Still, for an expenditure of around $100, I could get an official sheepskin diploma proclaiming me a bona fide Doctor of Divinity and thereafter demand to be addressed as Dr. Bean.

Is that cool, or what? And to my knowledge, nobody has ever demanded that the recipient of a minister’s certificate, a Master of Druidism degree or a Doctor of Divinity degree from the Universal Life Church quit using the honorific title before his or her name.

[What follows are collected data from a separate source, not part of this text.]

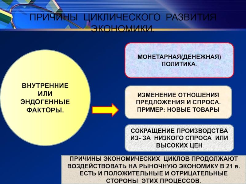 ПРИЧИНЫ ЭКОНОМИЧЕСКИХ ЦИКЛОВ ПРОДОЛЖАЮТ ВОЗДЕЙСТВОВАТЬ НА РЫНОЧНУЮ ЭКОНОМИКУ В 21 в. ЕСТЬ И ПОЛОЖИТЕЛЬНЫЕ И ОТРИЦАТЕЛЬНЫЕ СТОРОНЫ ЭТИХ ПРОЦЕССОВ.
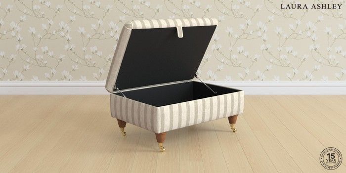7.2.6 Buy Kingston by Laura Ashley Storage Footstool Kinsham Stripe Natural Low Brass Castor - Teak from the Next UK online shop Click here to use our accessible website
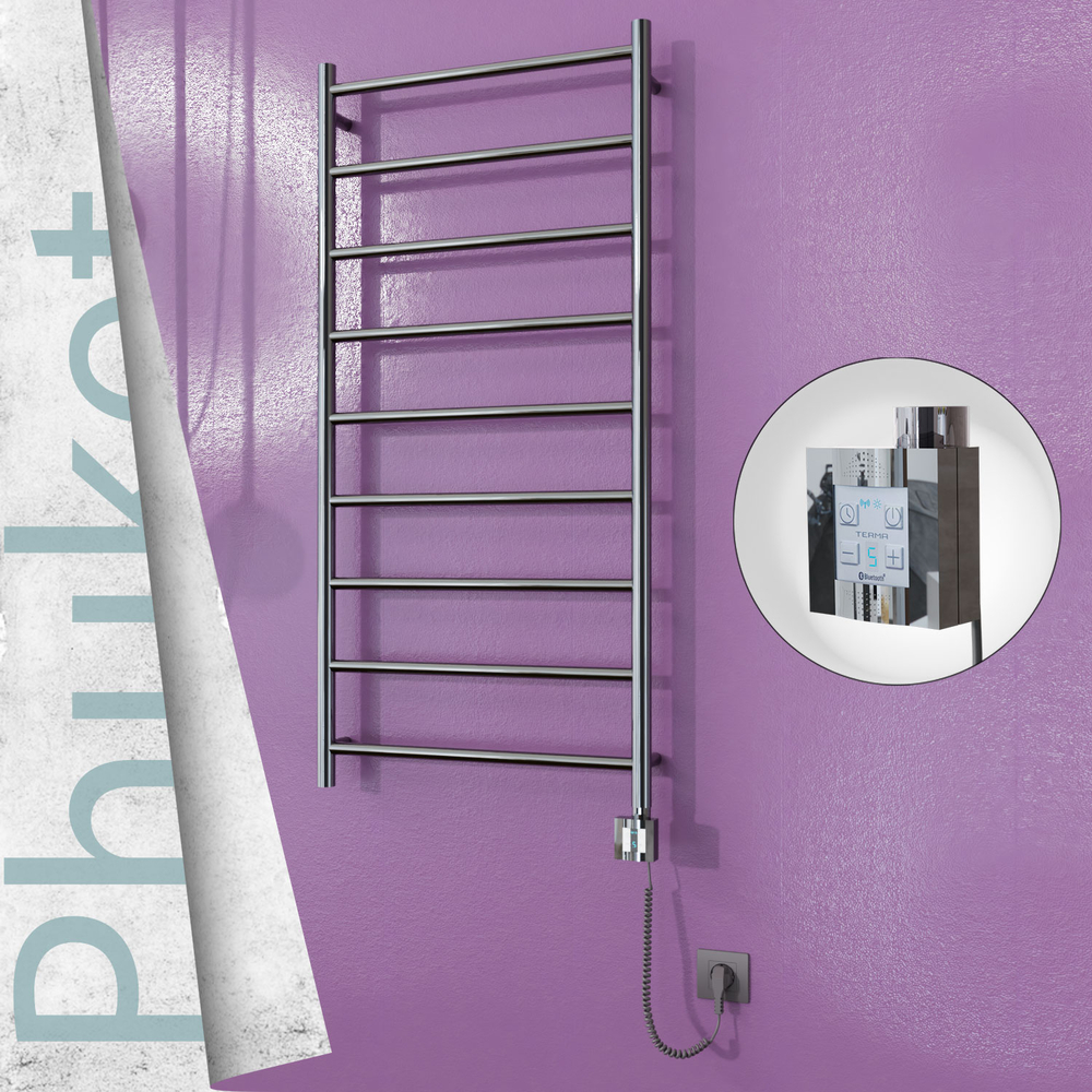 AKS SeçenekleriPhuket Sèche Serviettes Electrique 600x1200 Finition de polissage (Thermostat Musa) 300 Watt 11 Tuyeaux | Chauffe 1-4 m2 -
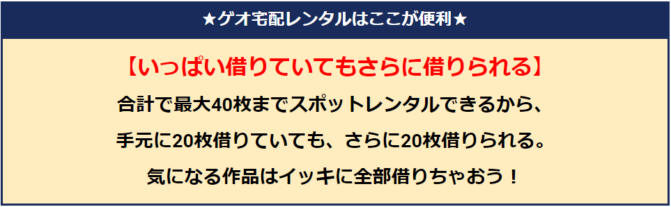 40万以上のDVD・CDを取り扱っている「国内最大級」の宅配DVD・CDレンタルサービス「ゲオ宅配レンタル」!
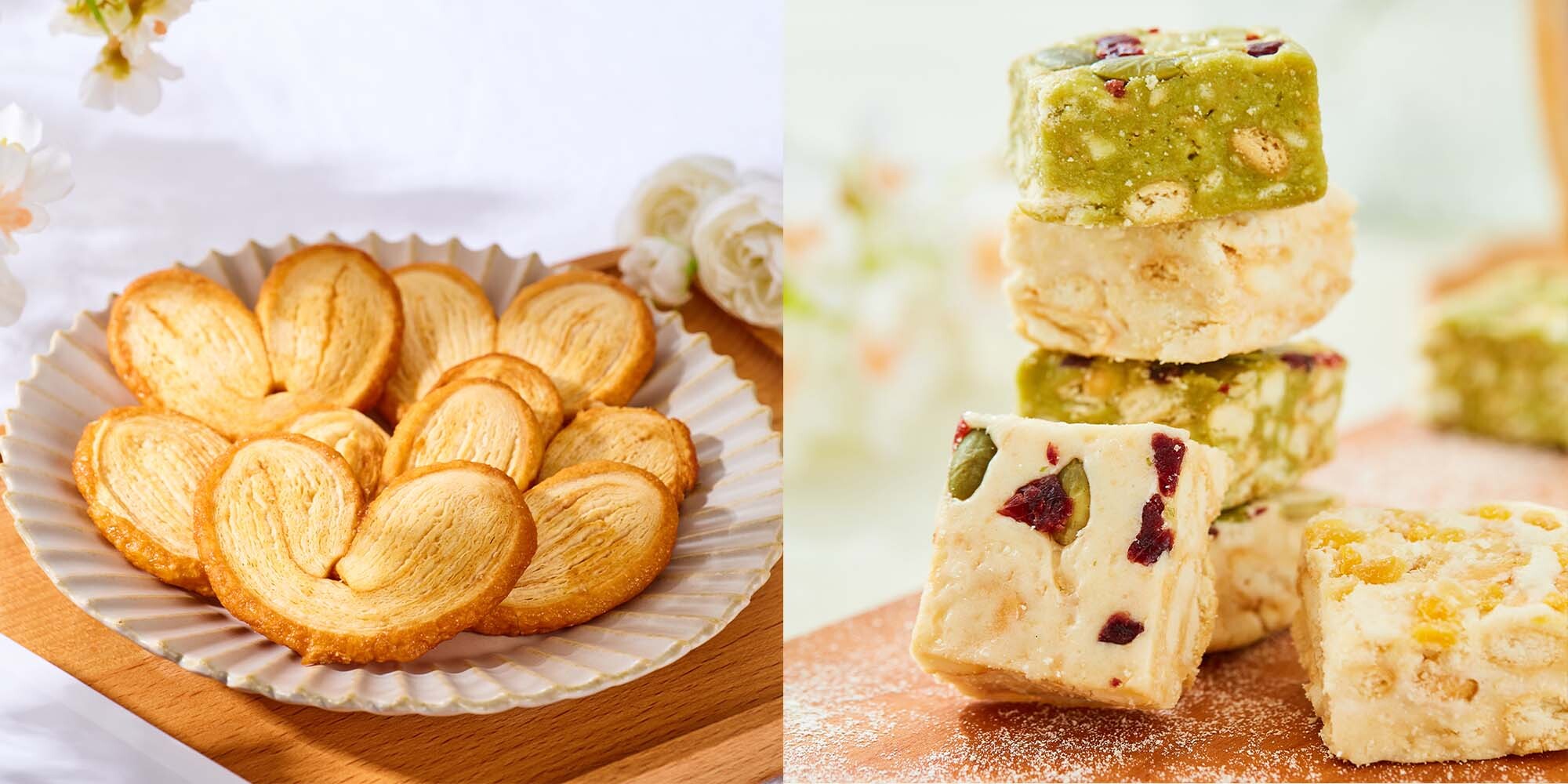 蝴蝶酥/雪花酥/曲奇: 存放於室溫陰涼乾爽處,請於2個月內食用
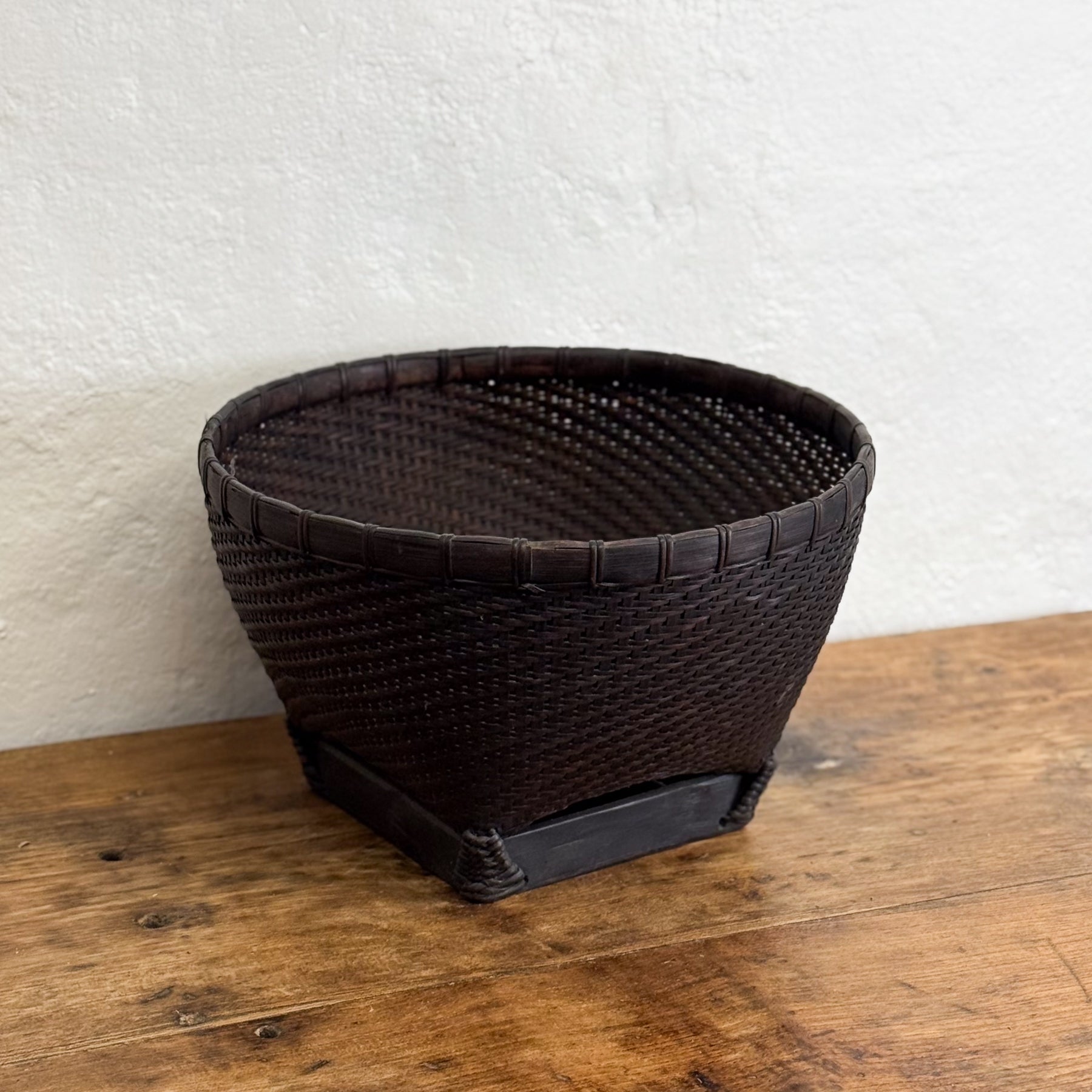 The beauty of this vintage basket is that it is handmade, with effort and imperfections.  Crafted in Lombok this basket reflects Indonesia’s timeless weaving traditions. Each rustic storage bowl, basket, or catchall is carefully handwoven and rich in patina, making it ideal for entryways, living rooms, or studios. A beautiful, vintage accent for coastal, tropical, and eclectic interiors, merging practicality with artisanal history.
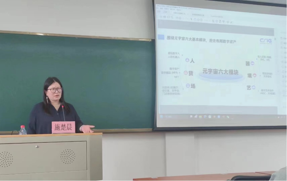 接着,围绕文旅元宇宙话题,介绍了当前公司为景区、文旅综合体等提供的元宇宙六大模块,并分别对人、货、场、器、境、艺等六个模块所蕴含的内容进行了阐述。其中有关数字虚拟人、数字资产、数字藏品、现实空间元宇宙化、数字艺术创作等内容及相应的案例使同学们进一步了解文旅行业的的前沿实践。施楚晨说,元宇宙文旅最大的特点是打破了传统的时间和空间的局限性,是对以往传统旅游形式的突破。数字正在改变我们的生活,数字旅游不仅新颖,还更加方便。随后,施楚晨详细介绍了数字孪生版本1.0和2.0的区别和联系。

Which is more than you can apparently say for two more educators in the Freehold RegionalHigh School District, who were recently told by the state Commission on Higher Education that they couldn’t use the title Doctor anymore. According to published reports, it turns out the pair of them got their degrees from the same bogus institution, Breyer State University, where their boss (former Dr.) James Wasser got his bogus degree.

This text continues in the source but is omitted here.